- ACTION ITEM -
Below is a listing with pictures. Repeat exactly the lines starting at the one holding "Трековый профиль Flexy" and going on through the one holding "- Bathroom x", and leave every picture out.

- RECORD EXTRACTS -
◆ ◆ ◆ ◆ ◆

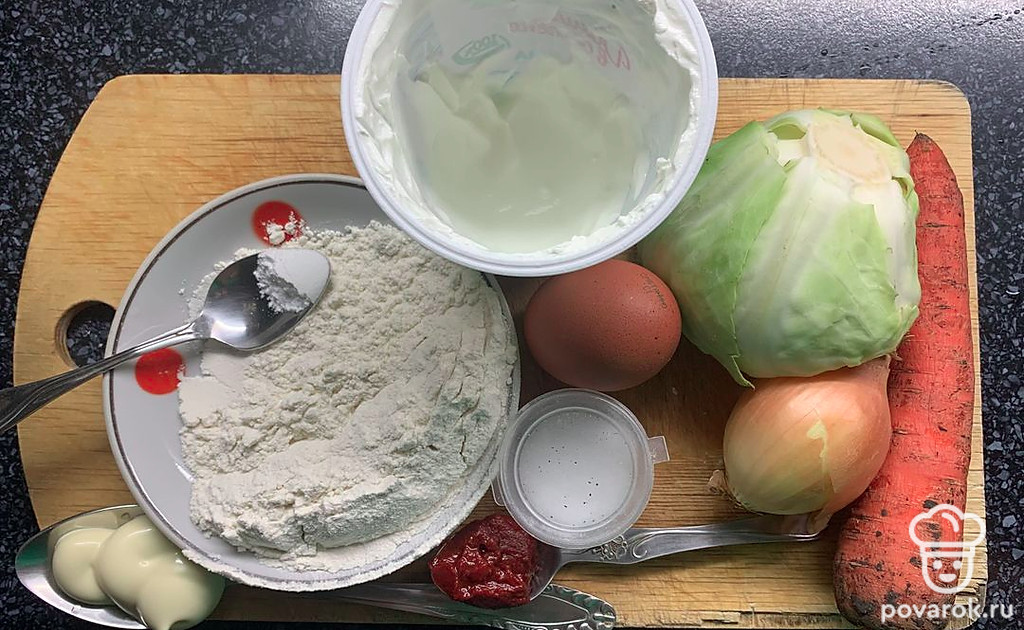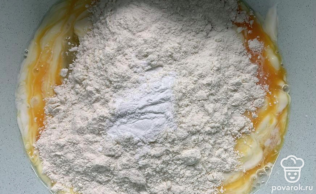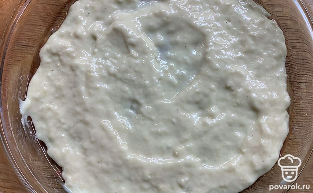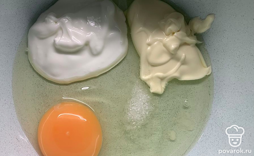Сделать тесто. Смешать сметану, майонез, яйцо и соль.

◆ ◆ ◆ ◆ ◆

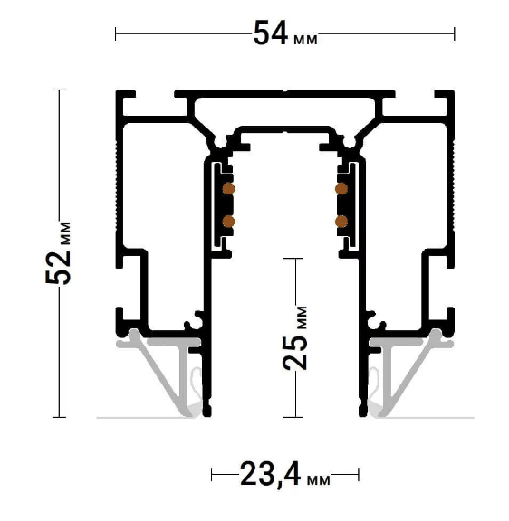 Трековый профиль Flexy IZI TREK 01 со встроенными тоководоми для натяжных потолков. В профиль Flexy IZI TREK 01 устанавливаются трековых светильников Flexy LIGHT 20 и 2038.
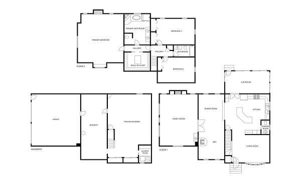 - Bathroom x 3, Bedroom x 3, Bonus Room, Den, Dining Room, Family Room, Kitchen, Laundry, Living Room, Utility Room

◆ ◆ ◆ ◆ ◆

- OUTPUT FOR THIS TASK -
 Трековый профиль Flexy IZI TREK 01 со встроенными тоководоми для натяжных потолков. В профиль Flexy IZI TREK 01 устанавливаются трековых светильников Flexy LIGHT 20 и 2038.
 - Bathroom x 3, Bedroom x 3, Bonus Room, Den, Dining Room, Family Room, Kitchen, Laundry, Living Room, Utility Room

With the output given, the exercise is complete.